Similar problems have been highlighted in a recent report from the Center for Creative Leadership. They regard the gap between current leadership bench strength and future leadership demands as a serious liability for organisations.
Our client worked with us because the managers in her business unit were supervising rather than leading. This meant that managers spent the majority of their time behind their desks. Coaching was identified as a ‘result session’ focused on the ‘what did work/what didn’t work’ methodology, rather than any effective behavioural coaching to maximise team performance.
Contributing to these problems was an issue that appears across many industries. Managers had been promoted because they were technically good at their job, not because they had leadership potential. And there was little, if any, training given to help them to be a leader.
The core problem is that there is a lack of leadership capability in people managers that limits organisational productivity.
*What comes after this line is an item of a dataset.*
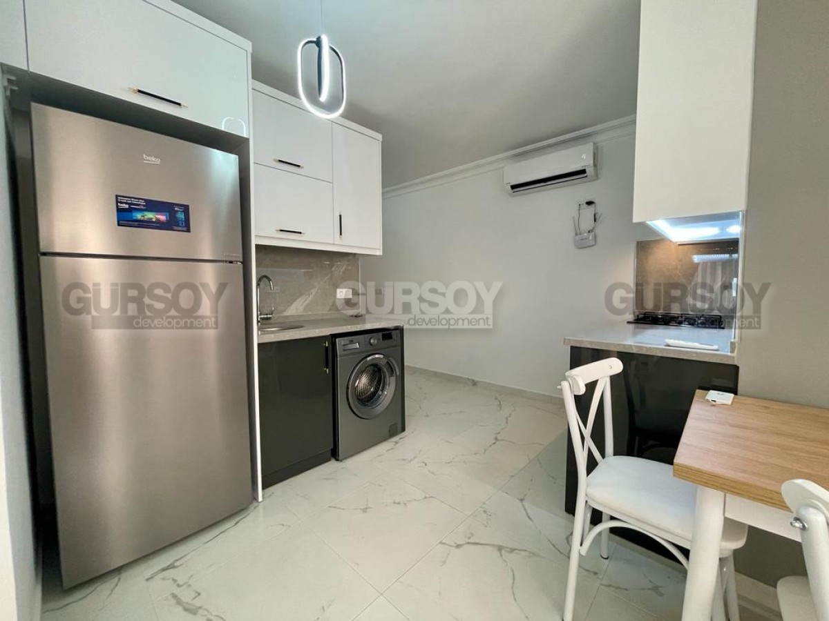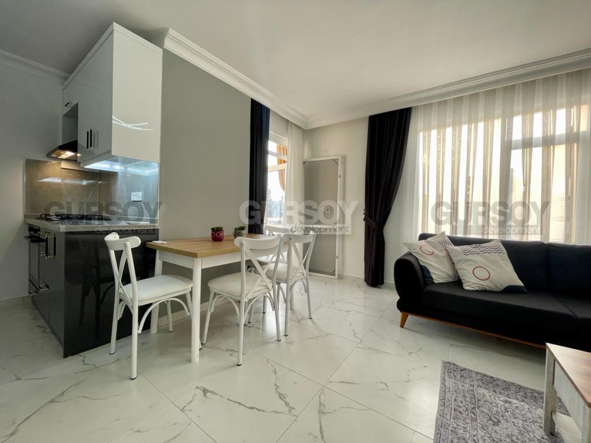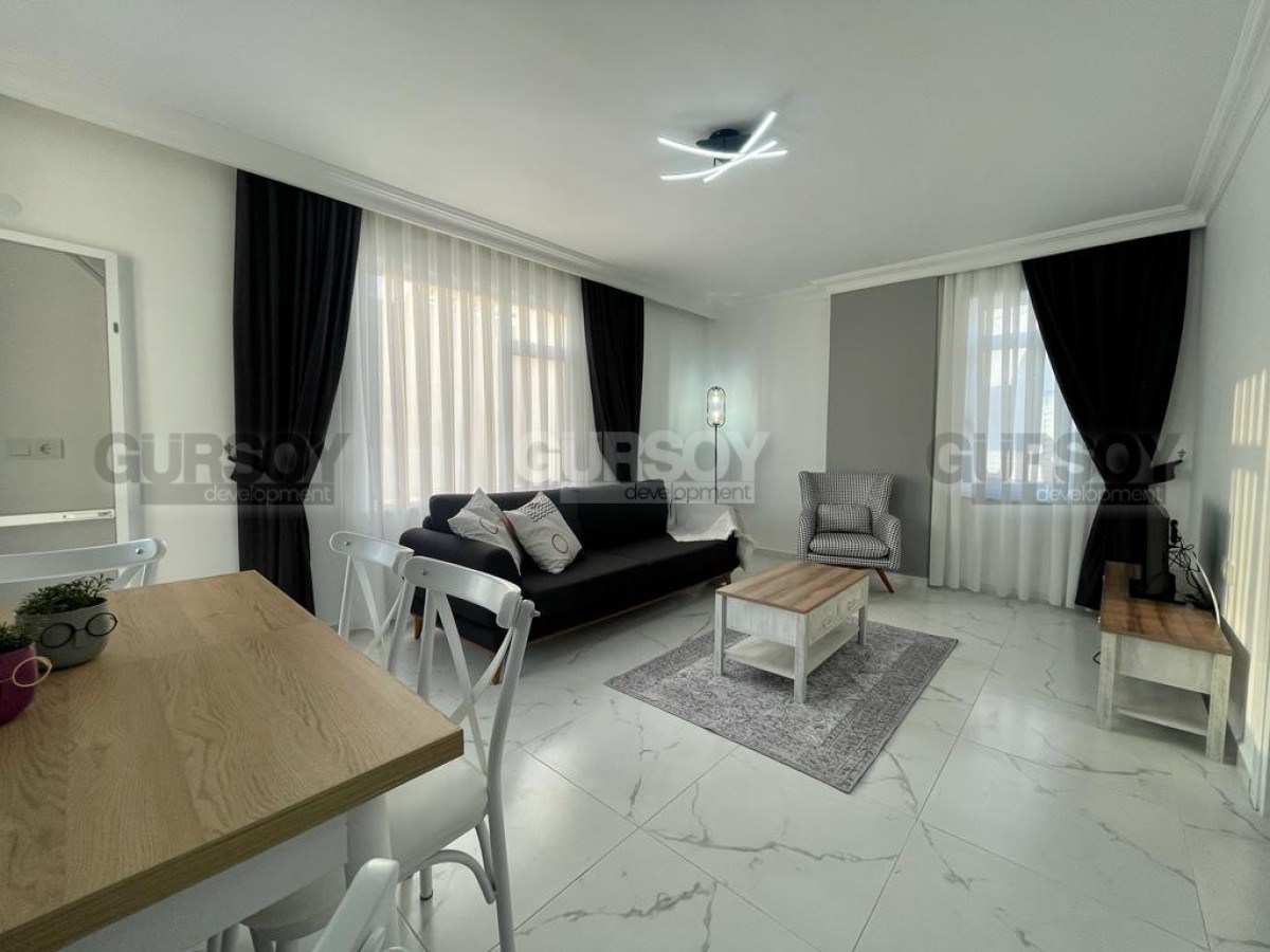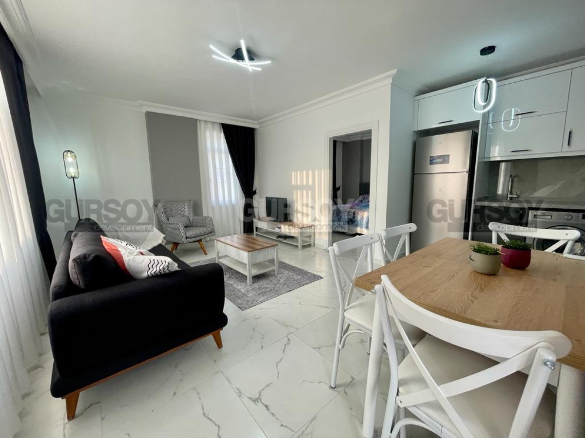 Компания Gürsoy Development представляет вашему вниманию квартиру 1+1 со свежим ремонтом и мебелью в 400 м от моря в районе Оба. Площадь квартиры - 55 м2, а планировка 1+1 подразумевает наличие гостиной, совмещённой с кухней, спальни, ванной комнаты и балкона. Квартира продаётся в полной меблировке, с установленной бытовой техникой, кондиционерами. Ванная комната оборудована душевой кабиной и современной сантехникой, есть проточный водонагреватель. Квартира расположена на 3-м этаже 5-этажного жилого комплекса 2007 года постройки. С балкона открывается чудесный вид на море и вершину Крепости. Квартира выходит на юго-западную сторону.

Interestingly, the Center for Creative Leadership (CCL) have concluded something similar in The Leadership Gap, a 2009 report on a study conducted over two years across 2,200 managers and three countries.
The leaders surveyed by CCL were asked to rate the importance of 20 research-derived leadership competencies, and the difference between what managers are actually demonstrating versus what they need to demonstrate to be maximally effective in the future.
The study found that the five most important future skills – leading people, strategic planning, inspiring commitment, managing change and developing employees – are amongst the weakest competencies for today’s leaders.
I’d argue that for first-level managers strategic planning, and to a lesser extent managing change, are lower importance competencies because they are less often called upon at that level of management. This means we can reasonably conclude that the three key competency gaps for managers are:
- leading people
- inspiring commitment
- developing employees
This aligns with our experience with a range of clients across the Asia-Pacific region. Yet organisations need to seriously address these three key competency gaps evident in their managers if they want to:
- increase productivity
- ensure a greater retention of key talent
- improve customer satisfaction and loyalty
- and maximise employee engagement
2 Comments
Good points. It is true that training of frontline managers has not been complete in many ways. Though the procedures of organizations are given a lot of time, the people aspects of building teams is often lacking. Frontline managers are very important to comapnies and also need investment.
Liz, you’ve also made a very good point. Off the cuff I can’t remember the source of the research, but an employee engagement research project with European companies pretty much concluded what you’ve identified. That frontline leaders tend to be good at the process aspects of their role, but not very good at the people engagment and leadership aspects.